(1) Time frequency
The time it takes for an algorithm to execute is theoretically impossible to figure out and must be tested on the machine. But we can not and do not need to test each algorithm, just know which algorithm spends more time, which algorithm spends less time on it. And the time that an algorithm spends is proportional to the number of executions of the statement in the algorithm, which algorithm takes more time than the number of statements executed. The number of times a statement is executed in an algorithm is called a statement frequency or time frequency. Note as T (N).
(2) Complexity of time
In the time frequency mentioned just now, N is called the scale of the problem, and when N is constantly changing, the time frequency t (n) will change constantly. But sometimes we want to know what the pattern is when it changes. To do this, we introduce the concept of time complexity.

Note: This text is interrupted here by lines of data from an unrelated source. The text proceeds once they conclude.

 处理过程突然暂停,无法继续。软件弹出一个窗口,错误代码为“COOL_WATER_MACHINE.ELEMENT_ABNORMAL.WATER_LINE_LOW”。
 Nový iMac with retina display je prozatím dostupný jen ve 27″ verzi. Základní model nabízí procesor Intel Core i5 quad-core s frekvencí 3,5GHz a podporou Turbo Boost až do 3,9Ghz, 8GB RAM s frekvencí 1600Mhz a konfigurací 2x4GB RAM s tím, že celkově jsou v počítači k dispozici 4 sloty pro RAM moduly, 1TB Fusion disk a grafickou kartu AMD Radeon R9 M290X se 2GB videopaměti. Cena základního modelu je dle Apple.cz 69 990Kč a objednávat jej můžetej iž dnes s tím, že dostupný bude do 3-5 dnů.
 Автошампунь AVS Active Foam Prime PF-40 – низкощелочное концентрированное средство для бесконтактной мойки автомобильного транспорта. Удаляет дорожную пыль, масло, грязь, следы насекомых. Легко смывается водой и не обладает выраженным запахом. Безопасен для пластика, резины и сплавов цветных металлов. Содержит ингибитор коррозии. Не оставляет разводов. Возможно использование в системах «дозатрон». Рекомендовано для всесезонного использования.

Under normal circumstances, the number of iterations of the basic operation of the algorithm is a function of the problem size n, denoted by T (n), if there is an auxiliary function f (n), so that when n approaches infinity, the limit value of T (n)/f (n) is not equal to zero constant, then f (n) is the same order of magnitude function of t Recorded as T (N) =o (f (n)), called O (f (n))
For the algorithm's progressive time complexity, referred to as the complexity of time.

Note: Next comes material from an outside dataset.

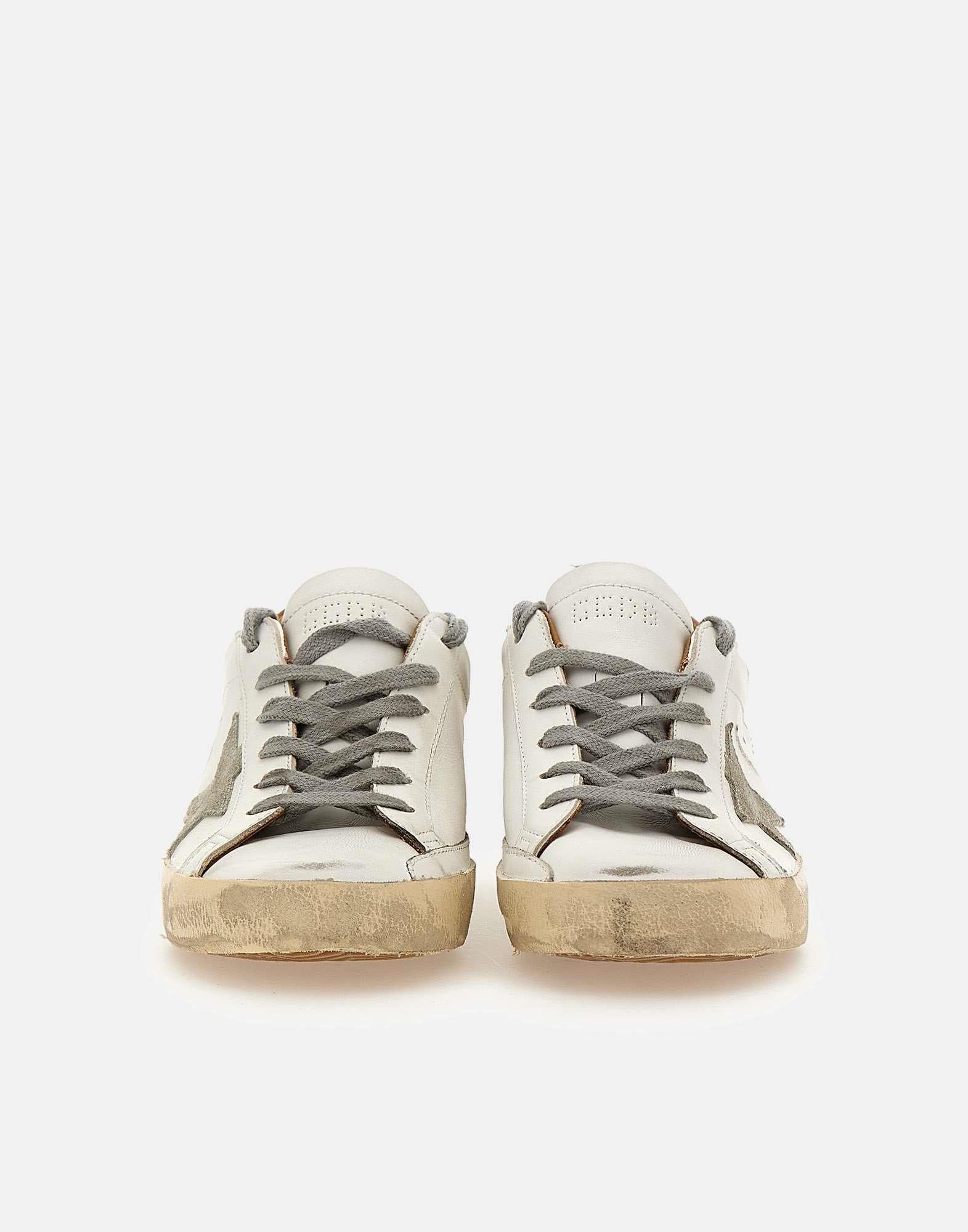 Sneakers donna ''Super Star Classic'' Golden Goose in pelle, bianche con dettaglio tallone e profilo interno color cuoio, inserti in suede, logo sulla linguetta, stella iconica laterale, chiusura con lacci colore grigio, suola in gomma alta 2,5cm. Made in Italy. Custodia in tessuto inclusa.

Second, the common algorithm of time complexity:
O (1): Indicates that the algorithm runs at constant time
O (N): Indicates that the algorithm is a linear algorithm
O (㏒2n): Binary lookup algorithm
O (n2): A variety of simple algorithms for sorting an array, such as an algorithm for inserting a sort directly.
O (n3): do multiplication of two n-order matrices
O (2n): algorithm for all subsets with n elements set
O (n!): An algorithm with n elements for a full permutation
Excellent <---------------------------< inferior
O (1) <o (㏒2n) <o (n) <o (n2) <o (2n)
The time complexity is ascending in order of constant Order O (1), Logarithmic order O (log2n), linear order O (n), linear logarithmic order O (nlog2n), square order O (n2), Cubic O (n3) 、...... K-Order O (NK), exponent-order (2n).
third, calculate time Complexity of the method (calculation example)
Definition: If the scale of a problem is n, the time required for an algorithm to solve this problem is T (n), which is a function of n (n) called the "time complexity" of the algorithm.
When the input n gradually increases, the limit of time complexity is called the asymptotic time complexity of the algorithm.
We often use large o notation to represent time complexity, noting that it is the time complexity of an algorithm. Large O means only that there is an upper bound, by definition if f (n) =o (n), that obviously establishes F (n) =o (n^2), it gives you an upper bound, but not the upper bounds, but people are generally used to express the former.
In addition, a problem itself has its complexity, if the complexity of an algorithm reaches the lower bounds of the complexity of the problem, it is called such an algorithm is the best algorithm.
"Big O notation": The basic parameter used in this description is N, the size of the problem instance, the function of expressing complexity or running time as N. Here the "O" denotes the magnitude (order), for example "binary retrieval is O (Logn)", that is, it needs "to retrieve an array of size n by logn steps" notation O (f (n)) indicates that when n increases, the run time will grow at a rate proportional to f (n).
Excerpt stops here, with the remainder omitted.